Investments

Why Expats Need To Save And Invest

Expats in the Middle East find investing hard because they often live in a state of flux.

The typical expat starts a placement in Qatar, Abu Dhabi or somewhere similar for six months and then finds that short stay becomes two years or even longer.

Living in a country where you are unfamiliar with how banking and investment work because the system is so different from home and where business is conducted in a foreign language means taking professional investment advice is a priority.

The rules of investing are generally the same wherever you live, but factoring in a foreign lifestyle means adding a few important points, says James Green, who heads up expat financial advisers deVere Group in Qatar.

Five tips about effective expat saving

He suggests breaking the task into a to-do list:

  • Think about why you are investing. That means what the money is for, how long you can tie up the cash and what investment risk you are ready to take and how much you can afford to invest each month
  • Put some spare money aside in a savings account to cover emergency spending
  • Consider your tax liabilities. You need to work out your tax residence, because investing and saving generates income and you need to know where and how this income is taxed
  • The currency you invest in as an expat is important. If you live in Qatar and invest in the riyal and move to another country you are exposed to foreign exchange fluctuations, but the value of the riyal is pegged to the US dollar.

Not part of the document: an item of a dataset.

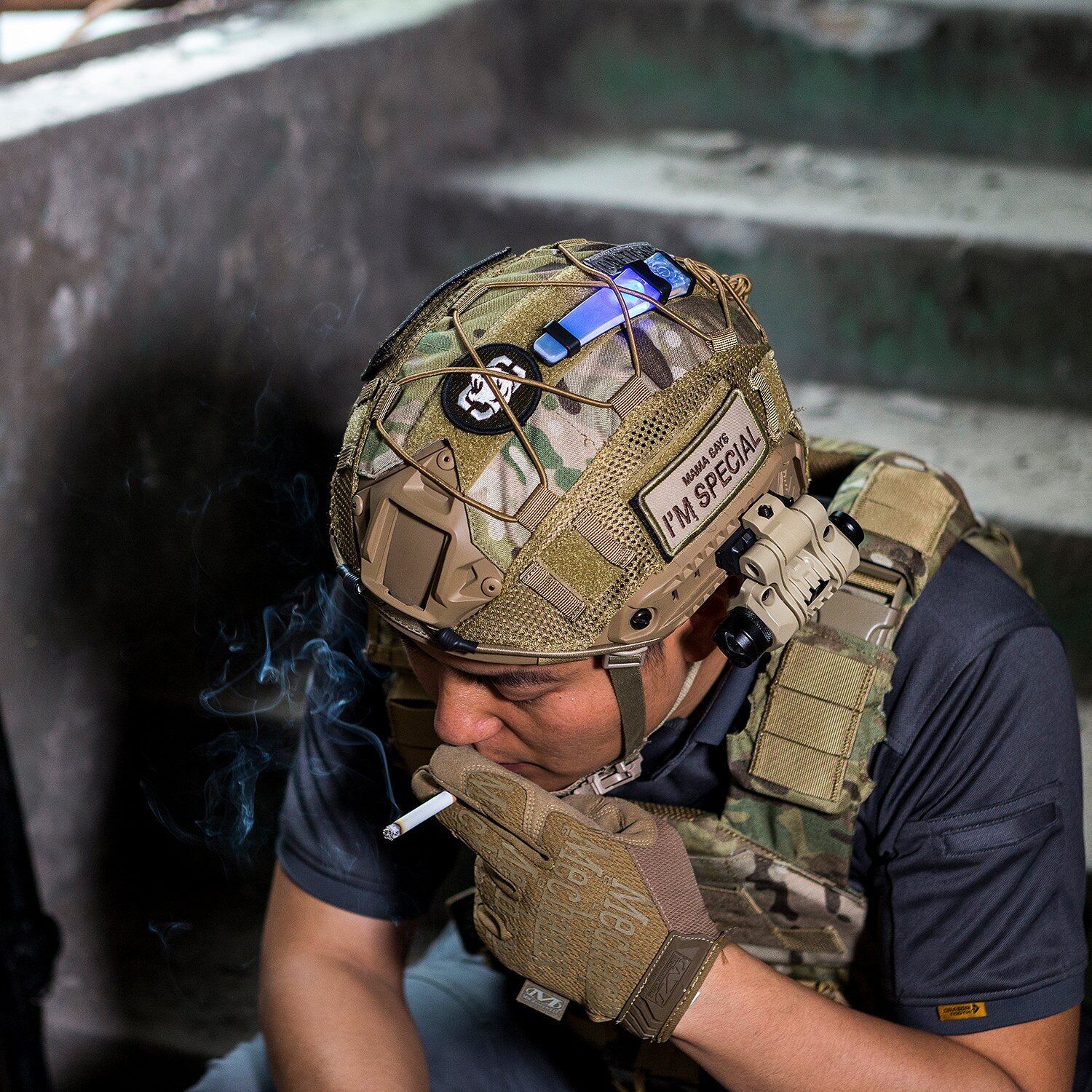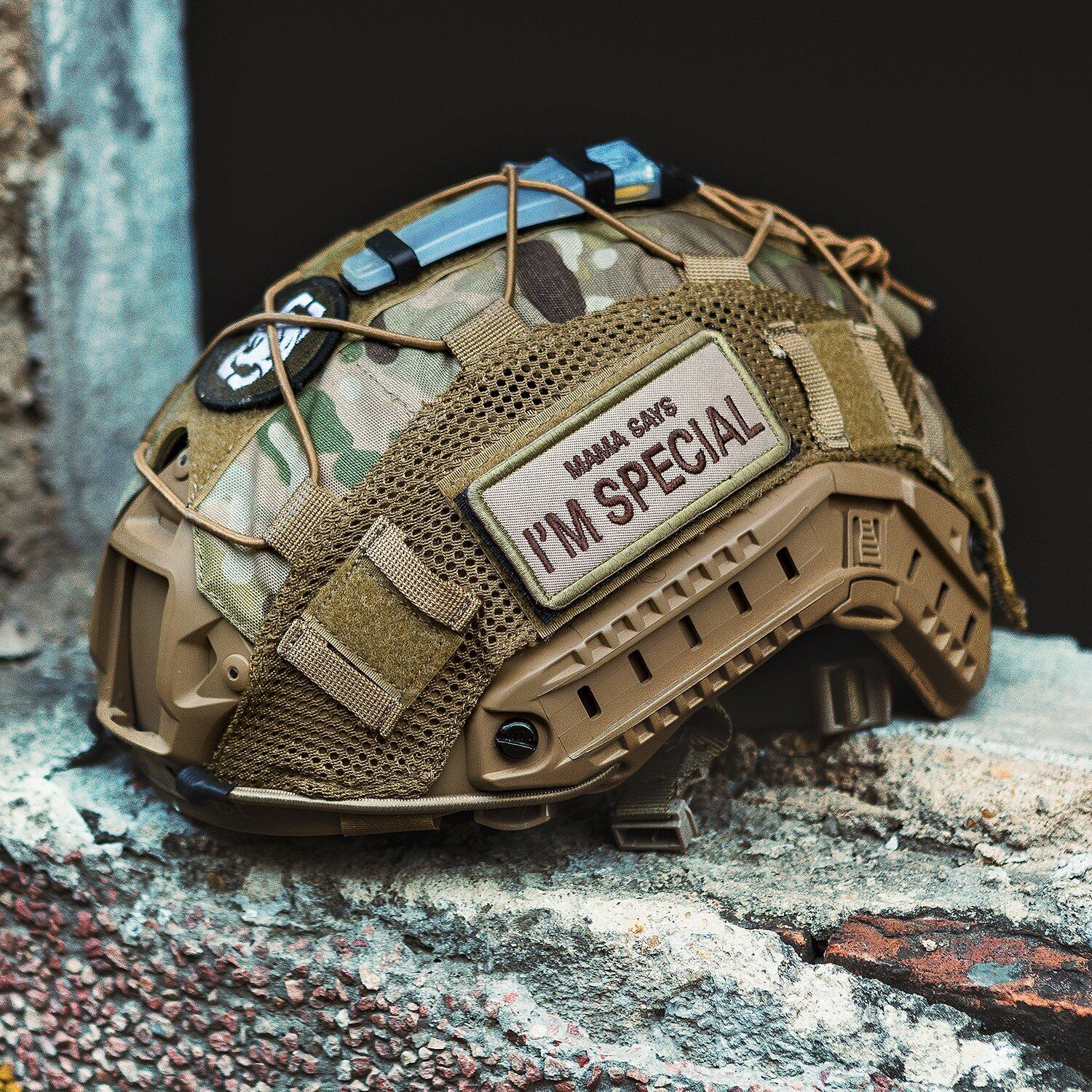 簡単な取り付け:MOLLE と面ファスナーシステム、クロスエラスティックコードにより、ヘルメットカバーをヘルメットに簡単かつ確実に装着できる。

Investing in US dollars is likely to be a better long-term option than the riyal if you intend to move.

  • If you are not fluent in Arabic, the Middle East has plenty of British financial advisers, banks and other financial institutions. You may decide dealing with someone who speaks your language is better than battling with important paperwork written in a foreign language.

Green also argues that saving something is important, even if the amount is not huge.

“Starting to save and invest early in your career gives your money more time to grow and smooths out volatility in the markets,” he said.

“Saving small amounts over a long time is an effective way to make your money grow into a significant nest egg for retirement.”